Though the Clippers did a pretty good job defensively in game one, I expect Camby and Martin to play a little better. Clips however need to dominate in the paint more. They should try to command the rebounding advantage. Clipper must play good team defense.


----------



## Free Arsenal (Nov 8, 2004)

Defense!


----------



## Free Arsenal (Nov 8, 2004)

we got to smack em around more in the next game!


----------



## Weasel (Oct 18, 2003)

The Clippers need to come out and play like they played for about 2.5 quarters last game but this time for the entire game. The bench needs to find a way to play well.


----------



## Free Arsenal (Nov 8, 2004)

I still think smacking them around is the best. :biggrin:


----------



## Weasel (Oct 18, 2003)

http://www.basketballboards.net/forum/showthread.php?t=261197



> Forward Vladimir Radmanovic suffered a sprained left wrist late in the fourth quarter in Game 1 and might not play tonight.
> 
> "Nothing is broken, but it's pretty painful," said Radmanovic, who underwent an X-ray exam that was negative. "I just can't really move it."
> 
> The three-point specialist, who landed awkwardly after a collision, wore an immobilizing splint on his wrist, received therapy and was scheduled to undergo acupuncture, team trainer Jasen Powell said.


----------



## universal! (Mar 5, 2006)

Clips should be able to win without Radman. Radman is a lefty isn't he? So his shooting wrist is affected.... Maggette needs to step up!


----------



## Free Arsenal (Nov 8, 2004)

We just need to get Melo' Frustrated and we win the game. Sic Singleton on him.


----------



## DaFranchise (Jun 29, 2005)

universal! said:


> Clips should be able to win without Radman. Radman is a lefty isn't he? So his shooting wrist is affected.... Maggette needs to step up!
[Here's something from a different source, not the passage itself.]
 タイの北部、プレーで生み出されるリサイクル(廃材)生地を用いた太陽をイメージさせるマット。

NOOO!! Radman shoots right handed. What are you talking about? Radman looks doubtful for tonight. THis just means more Mags and maybe some time for Waltahh even though Singleton should play before him.


----------



## ElMarroAfamado (Nov 1, 2005)

i say the most important thing is an early lead and maintaining it ....


that will be crucial!!!!


i think once we get up we should be hard to beat ....
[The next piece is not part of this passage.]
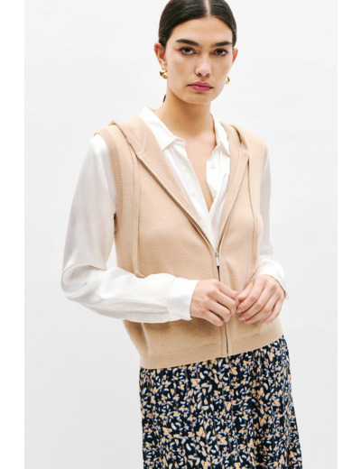 Le gilet mbasilou est conçu dans un mélange de laine certifiée RWS et de cachemire, vous procurant une douceur incomparable. Sa couleur éclatante donne une touche dynamique à votre tenue. Ce modèle est idéal pour un style décontracté et moderne. - Capuche avec cordons de serrage - Sans manches - Longueur 56 cm pour une taille S - Fermeture par un zip

and if Shawn is not gonna give us atleast 5 pts on Offense , id be content with him 


playing some good D, and getting everyone some easy buckets...Corey he should shoot open shots..

**** it ..hahah ...but most important is he drive to the hoop and actually get the call not just 

throw his hands in the air and turn it over....Sam should give us an early lead....


MAN ITS JUST EXCITING AS The first game 

GO CLIPPERS!!!!!!!!!!!!!!!!


----------



## ElMarroAfamado (Nov 1, 2005)

damnit no Vlade  

the only good thing is Denver does not really shoots 3s so we dont have to make an absurd amount

to contend....and yeah i think James n Walta should split the time Vlade would have gotten

GO CLIPPERS!!!! *Walta played pretty good that last game he made acouple 3s!

CMON!!! GO CLIPPERS!! :banana:


----------



## Timmons (May 25, 2005)

universal! said:


> Clips should be able to win without Radman. Radman is a lefty isn't he? So his shooting wrist is affected.... Maggette needs to step up!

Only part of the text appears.